House lawmakers on Saturday introduced “right to try” legislation that would allow terminally ill patients to experiment with drugs that haven’t been approved by the FDA.
“Right to try” is a priority for President Trump, who in January urged Congress to pass legislation on it during his State of the Union address.
“We…believe that patients with terminal conditions should have access to experimental treatments that could potentially save their lives,” said Trump. “People who are terminally ill should not have to go from country to country to seek a cure – I want to give them a chance right here at home.”

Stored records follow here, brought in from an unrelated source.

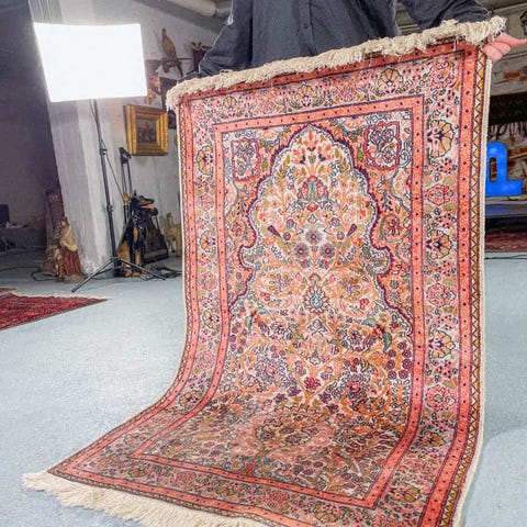 käsinsolmittu itämainen aitomatto villamatto vintage persialainen palatsimatto aito silkki kasmir käsinkudottu käsin käsintehty käsityö antiikkimatto vintagematto helsinki helsingissä
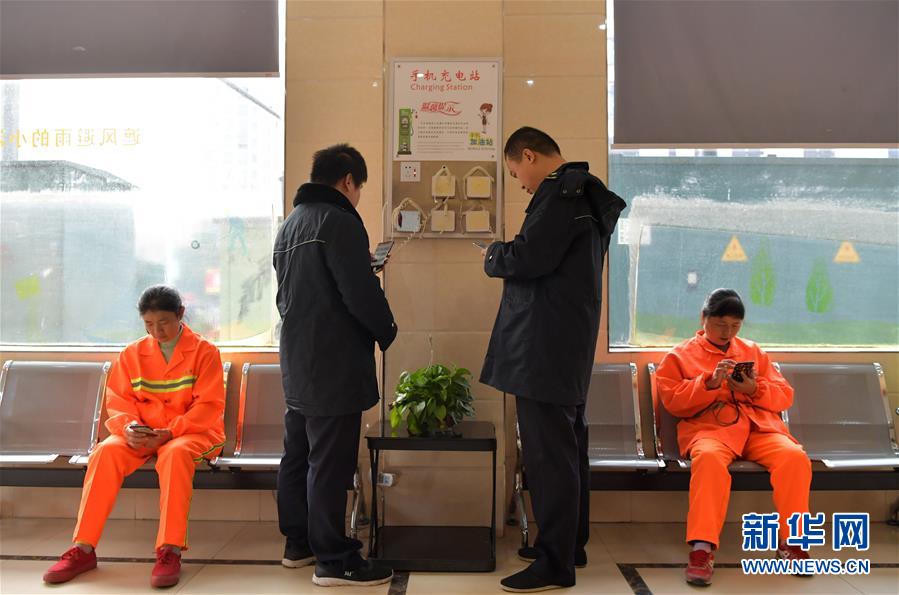 12月17日,户外劳动者在江西省南昌市西湖区桃花镇工会户外劳动者驿站内给手机充电、休息。 近年来,江西省南昌市西湖区充分整合社会资源,积极推进环卫工人等户外劳动者“爱心驿站”建设,为广大户外劳动者打造温馨的“职工之家”,在“驿站”内配套桌椅、储物柜、微波炉、饮水机、冷暖设备、应急药箱、充电插座等设备,为环卫工人、出租车司机、园林工人、快递员等户外劳动者提供休息、饮水、如厕、零钱更换、安全教育及交流培训等公益服务。 新华社记者 彭昭之 摄
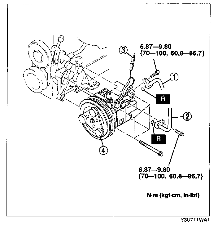 6. Remove in the order indicated below. Do not allow compressor oil to spill.
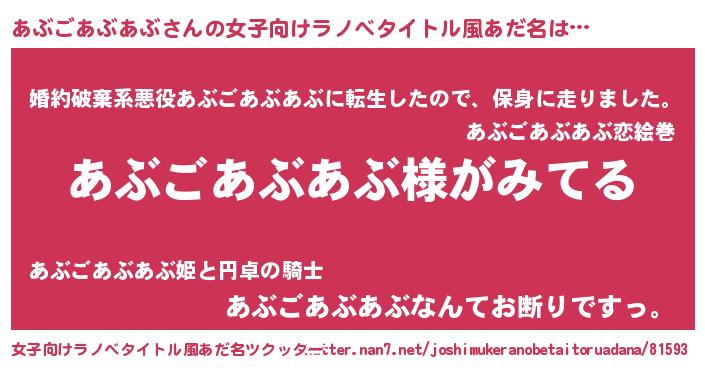 | 男性向けラノベタイトル風あだ名 | 『あぶごあぶあぶの嫁は女の子じゃないと思った?』 |

Members of the House Energy and Commerce Committee have been making changes to the Senate version of the bill, which passed unanimously in August.
One of the key supporters of the House bill is the Goldwater Institute, a Koch-backed libertarian public policy think tank that has helped establish “right to try laws” in 38 states. The Right to Try Act will “provide millions of terminally ill Americans an additional pathway to access promising investigational treatments before it’s too late,” said the organization.
“Right to try” is critically important for two reasons:
- Primarily, it allows people who are dying to try experimental treatment (which they should have a right to do anyway)
- Second, it will reduce the number of sick people who travel overseas looking for experimental treatments
What makes “right to try” legislation controversial is how you decide which patients are sick enough to qualify. If the definition is too broad, you risk exposing a large number of patients to potentially dangerous drugs. If the definition is too narrow, you aren’t really making a difference.
The House bill proposes “right to try” for patients who are likely to die “within a matter of months” or have a disease or condition that “would result in significant irreversible morbidity that is likely to lead to severely premature death.” To be eligible, patients must also have exhausted all other approved treatments.
Those who qualify will have access to drugs that have passed Stage 1 of clinical trials. The bill also requires doctors to report adverse effects and allows drugmakers to decline requests for unapproved drugs.
“Following its passage, I look forward to swift Senate action so more Americans facing dire circumstances can find some light in their darkest moments,” said House Majority Leader Kevin McCarthy (R-CA).
The House is expected to pass the bill Tuesday.
Critics insist “right to try” laws give manufacturers the opportunity to exploit patients.
“It is important to remember that the current regulatory system for medical products and research in the United States was created as a result of serious patient harm and exploitation that occurred early in the 20th century,” reads a February letter signed by 38 patient advocacy groups. “Clinical research subject protections are in place when experimental products are being tested to ensure the safe and ethical treatment of research participants.”
Others insist “right to try” is a conservative plot to undermine the FDA.
The FDA already has a system in place that it says provides more than 99% of patients with access to unproven medications. Lawmakers say the FDA program takes too long.
The FDA’s expanded access program includes “important ethical and safety mechanisms” to protect patients, says American Cancer Society spokesperson Alissa Crispino. The House bill “removes important safety protections and creates openings for potential bad actors to take advantage of patients.”
The FDA says it has been working with lawmakers in order to “provide technical assistance” and “ensure patients are also protected.”